There is nothing wrong with our education system except for the fact that it’s awful.
As a recent graduate from the best university in New Jersey — I’m referring to Rutgers. Boo, Princeton — I believe I can offer a holistic view.
Now I can holistically analyze our education system, which has holistically taught me words like “holistically” but not how to get a job.
Still, I got three and a half years to show off “the frivolous work of polished idleness,” as Jim Mackintosh put it, which is a lot harder than it looks.
“Hark!” I hear you say. “The cultivation of knowledge and material resources are not incompatible.”
If you use “hark” and double negatives in casual conversation, you’re probably a Princeton snob. But you have a point.
Learning and value can go hand in hand. If you learn something valuable, you should be able to… well, produce value, right?
I wonder why Rutgers offers a class on American lawns and turfgrass.
Hey, this isn’t a spiel (for the state school grads) or an oration (for the Ivy Leaguers) against higher education.
It’s useful for particular subjects. Engineering. Nursing. Accounting. Dance in Istanbul.
I’m kidding about the last one, but my alma mater teaches it. Princeton doesn’t. Should I count that in Princeton’s favor or against it?
I don’t propose we should send loads of young people to trade school or the military. After all, someone has to fill up those dormitories.
No, even if we did that, we’d still have the same problems there that we have with colleges.
The reasons for that and the ways around it would take up another essay, so I’ll keep things short now. I don’t need my editor to attack me with a red pen this early in the morning.
If I had to choose one thing to focus on to improve our education system, I’d pick reading comprehension.
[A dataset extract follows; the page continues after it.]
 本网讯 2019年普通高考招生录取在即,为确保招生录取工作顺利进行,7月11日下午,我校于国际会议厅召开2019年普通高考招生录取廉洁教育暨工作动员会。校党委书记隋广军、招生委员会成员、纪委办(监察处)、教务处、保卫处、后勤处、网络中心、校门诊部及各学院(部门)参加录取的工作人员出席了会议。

Especially in the early grades.
We could encourage (synonym: require) particular standards (high ones) to pass from one grade to another, and inculcate good reading and riting habits (such as spelling and not using excessive parentheses).
Students who fail to meet these standards could repeat grades or at least take remedial courses.
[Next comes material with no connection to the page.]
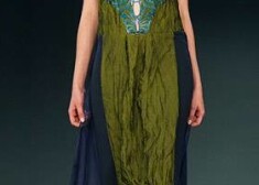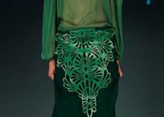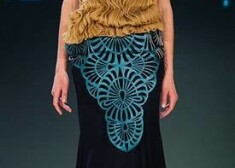Savukārt Kristiāna Kalniņa prezentēja kolekciju ar trāpīgu nosaukumu Kaleidoskops, kurā dominēja krāsaini, sarežģīti un dzīvespriecīgi raksti – mākslinieces autordarbs. Krāsainība izpaudās it visur. Pat zem garās, baltās kleitas, ar kuru skate noslēdzās, bija mānāmi rakstaini legingi, bet uz rokas - krāsaina rokassprādze.

This is not what many people want to read in the paper. But many people don’t want to read, period, so maybe we should do something about that.
Initially, reading is just an exercise. But as students advance, it becomes, almost exclusively, the way to gain knowledge.
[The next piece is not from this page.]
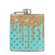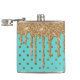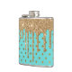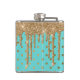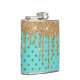 Glitzy-drickskolv, med grafik av guld-glitterfärg som droppar ner en turkos och guld polka punktbakgrund. Anpassa för att lägga till egen text. Underbar presentidé för bröllop, födelsedagar och andra speciella tillfällen.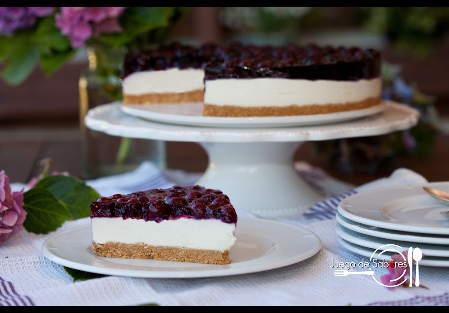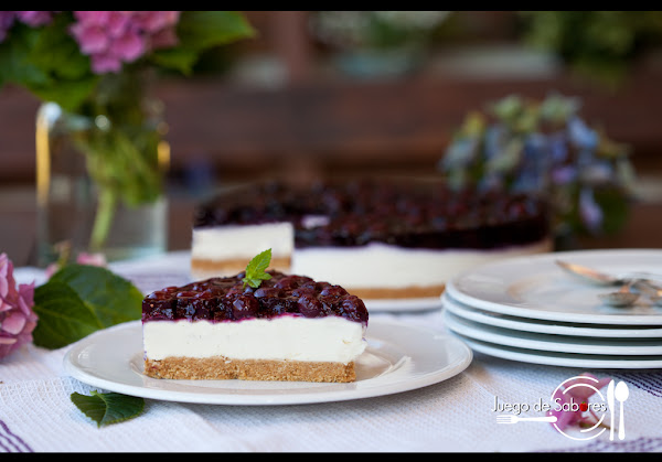 El aburrimiento es un mal consejero. Le das vueltas a la cosa, piensas, piensas y al final te metes en la cocina para matar la tarde y haces una tarta como la de las fotos. Pero tarta y bikini son incompatibles. O luces tipo o haces ostentación manifiesta de todas y cada una de las tartas, pasteles o helados que te has comido a lo largo del año. Tu mala conciencia hace que busques una tarta ligerita para pasar la tarde. Por ejemplo, ésta de arándanos porque has leído no sabes dónde que este fruto del bosque tiene pocas calorías, contiene antioxidantes, combate el colesterol y no sé cuántas cosas positivas más. Total, que estas bayas en forma de globitos de color violeta con un sabor entre ácido y dulce son la leche, la pera, la repanocha. Pero claro, nadie te ha dicho que en esta tarta los arándanos son la guinda, el adorno. Y todo lo que hay debajo de los arándanos, ¿qué? Olvidemos el bikini. En el peor de los casos ya me pondré un pareo, para disimular.

As the pace of learning accelerates, a child’s ability to catch up is increasingly hampered by poor reading skills.
Doubling down early would help students level up later.
I know quantity isn’t quality. I don’t think quantity is as useful where higher education is concerned. I suggest it helps most in the lower grades.
It doesn’t take a Princeton brain to realize that more school generally leads to more learning, which generally leads to more success.
I generally don’t get paid by the word, so I’m only repeating myself for emphasis. Honest.
According to the National Center on Education and the Economy, American students spend, on average, 180 days in school each year. Canadians spend 193. South Koreans, 220.
Multiply them by 12 years of education, if you’ve been taught to multiply, and you’ll see some folks have years more learning than us before we all leave high school.
So we could try to read more, learn more, and do more.
Or we can pull more lines from Jim and remain in a state of “masterly inactivity” with “disciplined inaction.”
He’s terrible reading, actually, but what would anyone know?
Alexandra Paskhaver is a software engineer and writer. Both jobs require knowing where to stick semicolons, but she’s never quite; figured; it; out. Opinions expressed are those of the writer only and are not necessarily shared by the newspaper.